Simões - Eu estou com 67 anos. Tenho outros objetivos. Não é nem por saúde, porque eu ainda estou bem, eu faço esporte. Mas começamos a ter outros valores. Podemos contribuir com a experiência de outras maneiras. Eu tenho netos, quero curtir os netos. E assim a gente vai. A gente tem que saber que há passagens na vida. 
JC - Como avalias o atual cenário das mudanças climáticas?
Simões - Hoje, a comunidade científica sabe muito bem os cenários de mudança do clima. Sabemos que, infelizmente, vamos atingir dois graus na média global, mas esse não é o problema principal. O principal é que estamos afetando toda a circulação atmosférica e oceânica, e pode ser que tenha processos que ainda nem sabemos, inclusive os últimos dois, três anos estão mais aquecidos do que os modelos estavam prevendo. Temos a questão do nível do mar que está aumentando e vai afetar evidentemente a nossa costa. E, voltando para o Rio Grande do Sul, isso afeta a nossa planície costeira, que é muito baixa. E estamos vendo uma desestabilização do ecossistema planetário, e isso pode ter uma série de consequências socioeconômicas, inclusive levar a uma crise civilizatória. Temos que parar o negacionismo, tanto por interesses econômicos quanto ideológicos, que tentam ignorar essas informações. Se não segurarmos dois e meio, três ou quatro graus não tem volta. Nós jogamos o planeta em outro estado de equilíbrio. E as consequências disso ainda nem sabemos
JC - E diante desse cenário, qual deve ser o papel da humanidade? O que precisa ser feito para frear esse avanço das mudanças climáticas? 

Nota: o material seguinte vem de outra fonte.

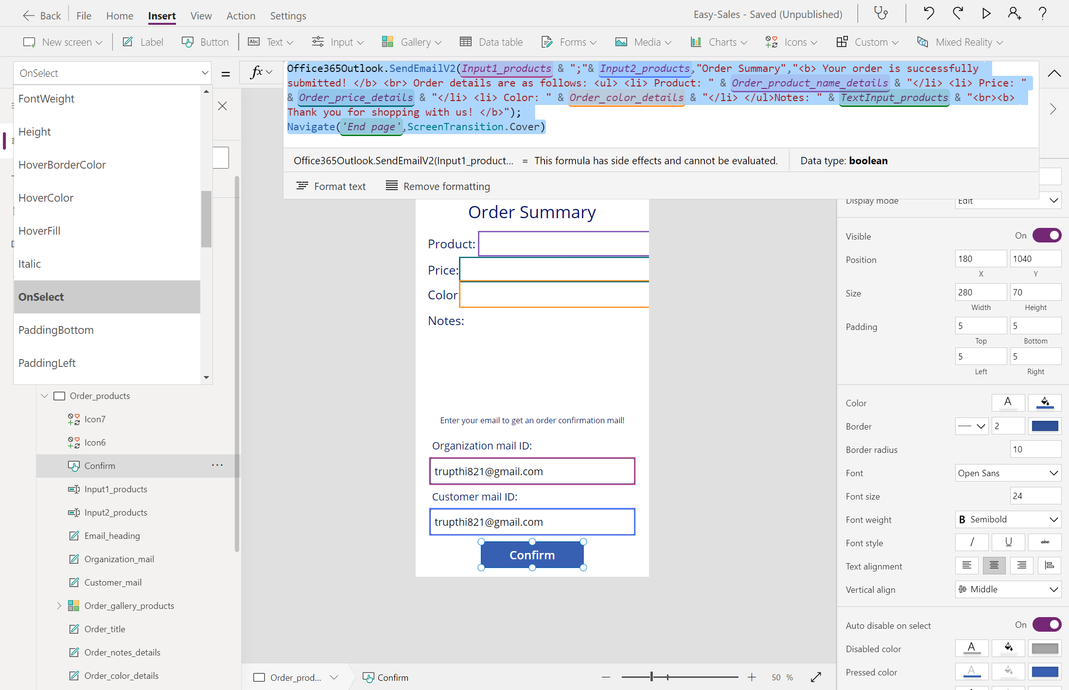Office365Outlook.SendEmailV2(Input1_products & ";"& Input2_products,"Order Summary","<b> Your order is successfully submitted! </b> <br> Order details are as follows: <ul> <li> Product: " & Order_product_name_details & "</li> <li> Price: " & Order_price_details & "</li> <li> Color: " & Order_color_details & "</li> </ul>Notes: " & TextInput_products & "<br><b> Thank you for shopping with us! </b>"); Navigate('End page',ScreenTransition.Cover)הערה

Simões - Todo mundo sabe que cedo ou tarde vamos ter que mudar o nosso padrão de consumo. Não existe um planeta infinito com recursos infinitos. Já estamos vendo algumas crises no mundo. Crises na economia, crises ambientais… todo mundo diz, mas ninguém faz. Tem que ter uma economia mais sustentável, mais cíclica, menos consumo de combustíveis fósseis, mais transportes não individuais. Um indivíduo sempre pode contribuir, principalmente com a educação das próximas gerações. Mas o que vai mudar são atitudes políticas e grupos de pressão atuando sobre governantes. 
JC - Por fim, neste novembro, acontece a 30ª Conferência das Nações Unidas sobre Mudança do Clima, COP30. Qual a importância desse evento? Quais pautas que não podem ficar de fora nos debates? 

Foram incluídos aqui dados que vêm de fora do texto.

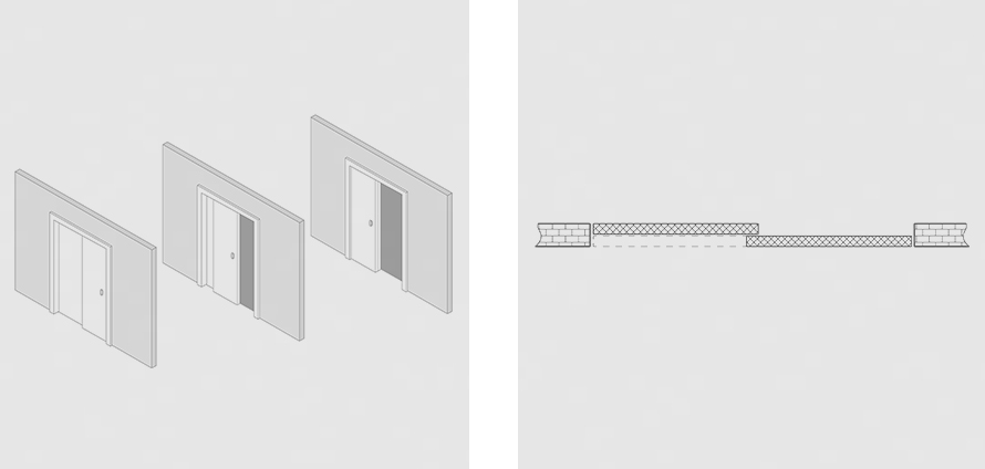 Каскадные системы устанавливаются в нестандартно широкие проемы и включают 3, 4 и больше полотен. Чаще всего это решение используется для гостиных, столовых, гардеробных, зонирования квартир-студий.

Simões - Olha, a importância já está no número, né? A "COP30". Mas, infelizmente isso também significa que não conseguimos seguir as recomendações e tomar decisões. Temos que ter uma negociação nesses diferentes processos que já ocorrem desde a Rio-92 para tentar cortar a produção dos gases de efeito estufa. Lembrando que o gás de efeito estufa, como a gente está falando, é da intensificação, porque o efeito estufa é um processo natural. Mas estamos intensificando isso. Temos que reduzir primeiro essa produção, senão não sabemos onde é que vai acabar. Mas eu sou muito pessimista, porque ninguém quer pagar a conta.